Facebook has a Places Graph with 140M places around the world — the same data that powers Facebook, Instagram, and Messenger. There are Search, Current Place, and Place Information endpoints, so you can find places relevant to your users and provide helpful information about each location. The Places Graph is free for software developers, processing trillions of queries nowadays. Possible to search for places, enable place discovery, location sharing, and geo-tagging, add location awareness to your app, understand people’s current place, and access information about it. Places Graph SDK is available for Android and iOS.
Curiosio
“Composer. I want this service — I enter places in a city, it makes a plan. Or I enter cities that I want to visit, and it builds a route for me. Or I name the countries, and it tells how to better and faster visit them. This service must do it all within time and budget constraints, these are two main parameters. There is nothing even close to this out there. Many could show [as maximum] options from point to point. But the future is in organization of relations between N points.” — Artemy Lebedev
Many people want this service. Curiosio will be finding the most curious trip in any geography by your interests within desired time & budget. Curiosio is powered by the AI optimization engine called Ingeenee. Ingeenee solves NP-complete complexity. Tourists get better trips: either more travel value for same money & duration, or savings of money & time for same travel value, or both benefits simultaneously — more travel value with savings. There is simplistic beta1, pre-MVP beta2, and we are currently working on beta3; showcase is planned in Nov 2018 at two AI conferences.
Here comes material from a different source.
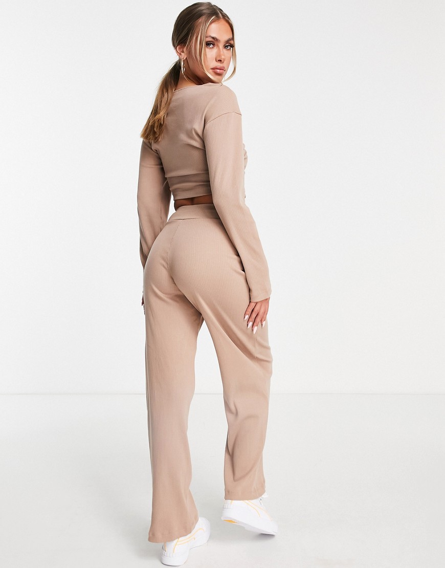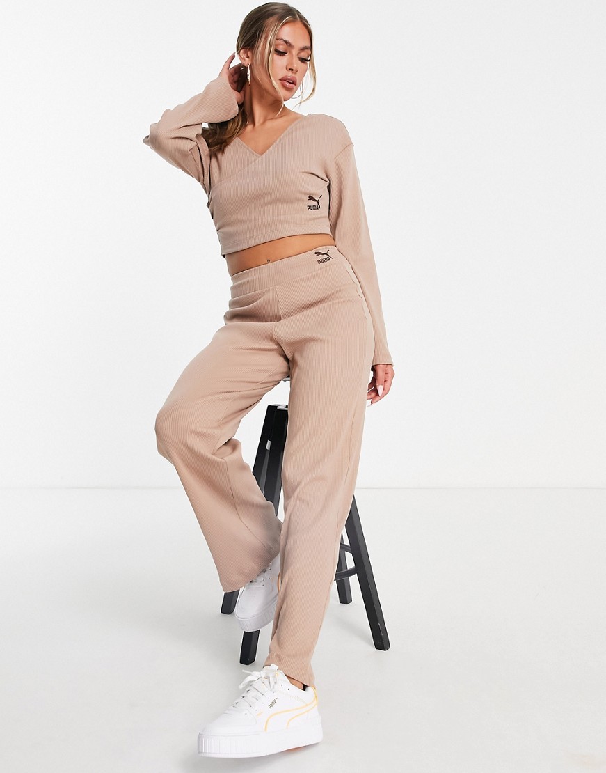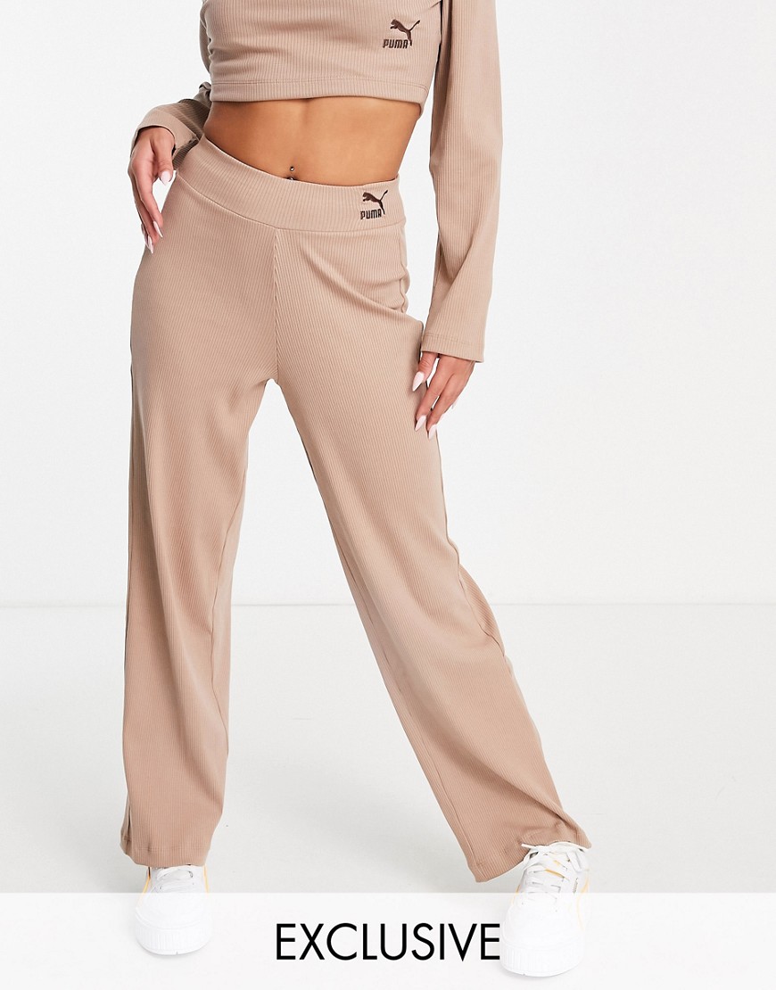 Puma brązowe prążkowane spodnie z szerokimi nogawkami S
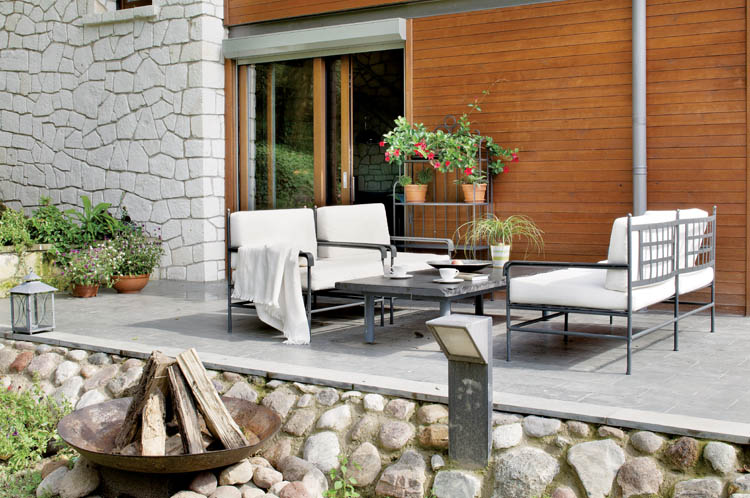 Na tarasie stoją dizajnerskie fotele Unopiu. Obok palenisko wzorowane na marokańskim kociołku.

Ingeenee could be connected to any knowledge graph of POIs (availability, weather), any inventory (lodging, tours, experiences), any booking (lodging, flight, car, concerts), any inter-city transportation, any intra-city transportation, any user interests, any comfort and safety, and UI AI.
Ingeenee is designed on top of our own knowledge graph and routing technology. Flights to be added a bit later; we’re working with partners on this matter. Experiences are on the road map; we’ll start working with partners in 2019. When the new era is settled with Big Three — Airbnb, Google, Facebook — by 2020 or so, we could connect with their knowledge graphs, inventories, experiences, users, devices.
Curiosio is an interactive layer over Ingeenee. We want Curiosio to stand out with look & feel out there. From 2020 Curiosio will be UI AI (with emotional intelligence) for planning and in-destination.